Here's an interesting piece of verbiage in a trucking dispute. A number of ports are starting to bar old, more polluting, from the docks in order to clear the air in the area. The Teamsters are generally in favor of such rules, not primarily because of any environment benefits, but that the older trucks tend to belong to independent truckers who aren't part of a union; they don't like the competition and the downward pressure on wages that such owner-operators represent.
The Coalition for Healthy Ports, a labor-environmental group, told the FMCSA that if the New York-New Jersey sticker plan is declared invalid, port programs to ban older trucks in Southern California and elsewhere "will be in jeopardy."
The coalition urged the FMCSA "not to succumb to the pressure of the NJMTA and (American Trucking Associations) to undermine any and all efforts to clean the air and promote economic justice in the port trucking industry."
"Economic justice." Justice often depends on vantage point. There are a variety of definitions, but the one that seems to come close to what the CHP folks are after is "being what is merited: deserved."
Do truckers deserve $X/hour? If you're a Teamster used to that going rate, having OOs come in and do the job for $X-3/hour, yes. Blocking the cheap labor to preserve your wage would seem just.
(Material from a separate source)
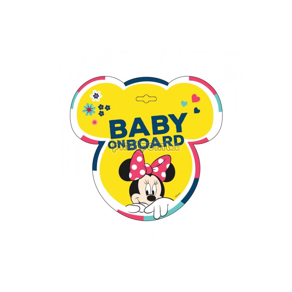 Ceduľka s prísavkou Baby on board Minnie. Prichytenie na okno v aute pomocou priehľadnej prísavky.
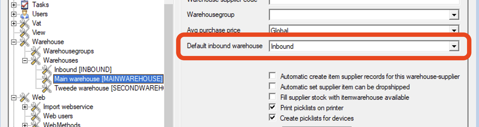 Inkoop bestellingen (purchases) hoeven niet besteld te worden in het Inbound warehouse. Dat kan nog steeds in Main warehouse, zodat het inkoop advies correct blijft.

However, the guy being told he can't bring his truck onto the docks because he isn't part of the union doesn't think that's just. One of the proposed regulation would ban OOs from working in the ports; non-unionized corporations could do business, but the chance of them being unionized is higher than the zero percent of OOs.
Justice as used above often means "seeing it my way." Relative merit is not what people are after when they use that phrase.